BEGIN TASK DATA

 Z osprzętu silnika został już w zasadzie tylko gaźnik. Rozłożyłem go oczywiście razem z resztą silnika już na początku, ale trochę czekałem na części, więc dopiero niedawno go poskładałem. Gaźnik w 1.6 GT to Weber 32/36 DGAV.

END TASK DATA
BEGIN TASK DATA

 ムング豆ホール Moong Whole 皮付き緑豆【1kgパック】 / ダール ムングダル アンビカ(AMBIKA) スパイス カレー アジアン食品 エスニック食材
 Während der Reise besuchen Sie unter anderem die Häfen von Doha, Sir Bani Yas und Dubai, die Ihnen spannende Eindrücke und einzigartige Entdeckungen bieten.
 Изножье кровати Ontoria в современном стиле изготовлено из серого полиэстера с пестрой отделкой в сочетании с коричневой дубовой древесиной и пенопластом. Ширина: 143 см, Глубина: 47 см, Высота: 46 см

END TASK DATA

- WHAT IS BEING ASKED:
Transcribe, exactly and without additions, the lines of the records above, beginning with the line that contains "ムング豆ホール Moong Whole" and ending with the line that contains "Изножье кровати Ontoria", both included.

- RESULT OF THIS EXERCISE:
 ムング豆ホール Moong Whole 皮付き緑豆【1kgパック】 / ダール ムングダル アンビカ(AMBIKA) スパイス カレー アジアン食品 エスニック食材
 Während der Reise besuchen Sie unter anderem die Häfen von Doha, Sir Bani Yas und Dubai, die Ihnen spannende Eindrücke und einzigartige Entdeckungen bieten.
 Изножье кровати Ontoria в современном стиле изготовлено из серого полиэстера с пестрой отделкой в сочетании с коричневой дубовой древесиной и пенопластом. Ширина: 143 см, Глубина: 47 см, Высота: 46 см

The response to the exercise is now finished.